= What is being asked =
From the first line to the last, transcribe the data exactly and skip the pictures.

= Source material =
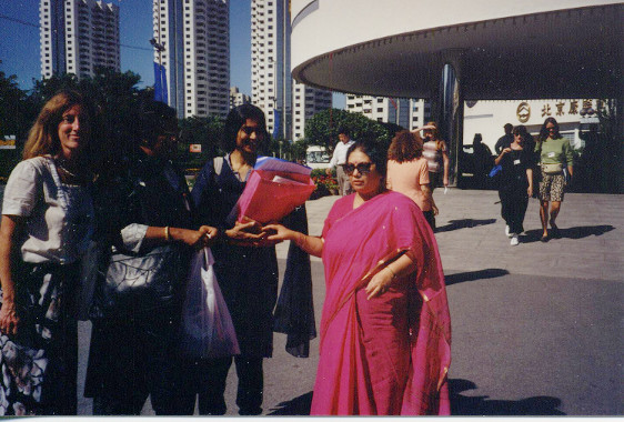 Eva Quistorp meeting with my old friend Vandana Shiva from India at Beijing airport 1995 for UN women conference
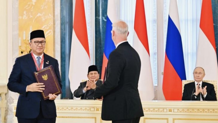 Jakarta, PUBLIKASI – Presiden Republik Indonesia Prabowo Subianto dan Presiden Federasi Rusia Vladimir Putin menyaksikan langsung prosesi pertukaran sejumlah dokumen kerja sama bilateral antara pemerintah Indonesia dan Rusia di Istana Konstantinovsky, St. Petersburg, pada Kamis, 19 Juni 2025. Pertukaran dokumen tersebut menjadi penegasan konkret atas komitmen kedua negara dalam memperkuat hubungan strategis lintas sektor di tengah dinamika global yang terus berubah.
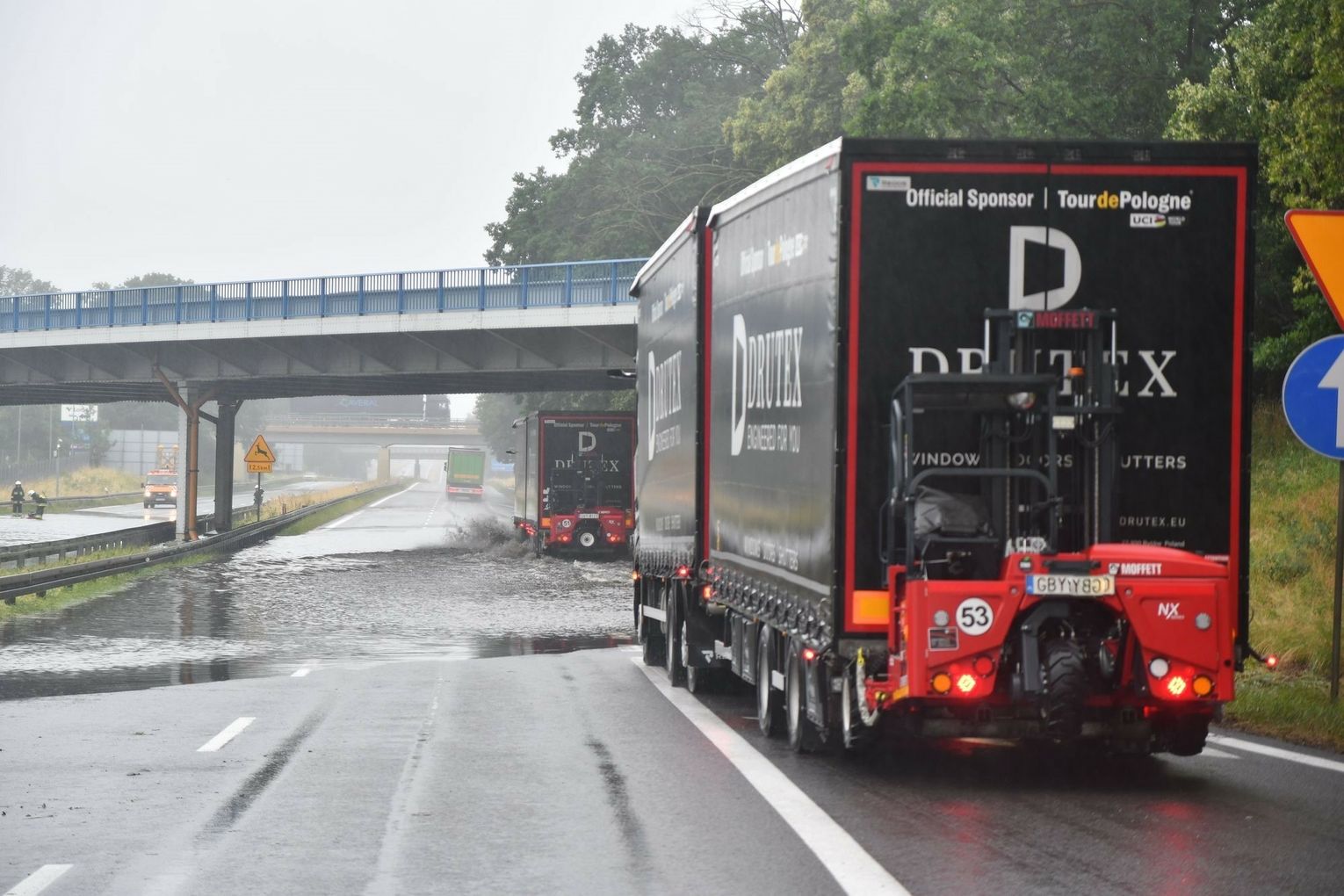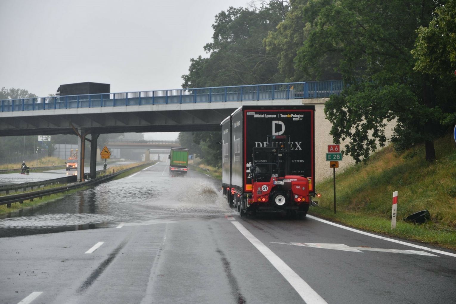 - Samochody ciężarowe przejeżdżają pojedynczo przez zalany odcinek jezdni, a osobowe są zawracane do Niemiec i w dalszym ciągu kierowane na DK13 przejście graniczne Rosówek. GDDKiA czasowo rozkręciła bariery oddzielające jezdnie. Straż Pożarna zapewni dodatkowe pompy, aby przyspieszyć usuwanie wody. Policja niemiecka wstrzymała ruch w kierunku przejścia granicznego w Kołbaskowie, na węźle w miejscowości Penkun i kieruje na objazdy - informuje redakcję igryfino rzecznik prasowy wojewody zachodniopomorskiego Michał Ruczyński.
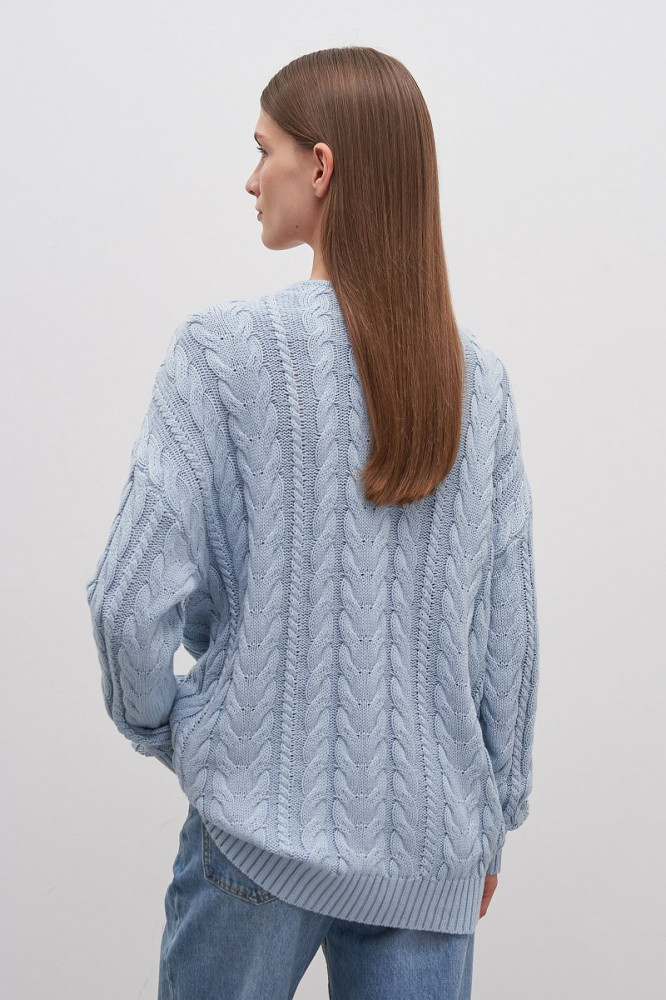 ровная сшивка, идеально симметричные косы. никогда не носила голубой, сейчас в моде, решила приобрести к голубому пальто. смотрится великолепно. брала размер в размер, объем нормальный

= Response to the exercise =
 Eva Quistorp meeting with my old friend Vandana Shiva from India at Beijing airport 1995 for UN women conference
 Jakarta, PUBLIKASI – Presiden Republik Indonesia Prabowo Subianto dan Presiden Federasi Rusia Vladimir Putin menyaksikan langsung prosesi pertukaran sejumlah dokumen kerja sama bilateral antara pemerintah Indonesia dan Rusia di Istana Konstantinovsky, St. Petersburg, pada Kamis, 19 Juni 2025. Pertukaran dokumen tersebut menjadi penegasan konkret atas komitmen kedua negara dalam memperkuat hubungan strategis lintas sektor di tengah dinamika global yang terus berubah.
 - Samochody ciężarowe przejeżdżają pojedynczo przez zalany odcinek jezdni, a osobowe są zawracane do Niemiec i w dalszym ciągu kierowane na DK13 przejście graniczne Rosówek. GDDKiA czasowo rozkręciła bariery oddzielające jezdnie. Straż Pożarna zapewni dodatkowe pompy, aby przyspieszyć usuwanie wody. Policja niemiecka wstrzymała ruch w kierunku przejścia granicznego w Kołbaskowie, na węźle w miejscowości Penkun i kieruje na objazdy - informuje redakcję igryfino rzecznik prasowy wojewody zachodniopomorskiego Michał Ruczyński.
 ровная сшивка, идеально симметричные косы. никогда не носила голубой, сейчас в моде, решила приобрести к голубому пальто. смотрится великолепно. брала размер в размер, объем нормальный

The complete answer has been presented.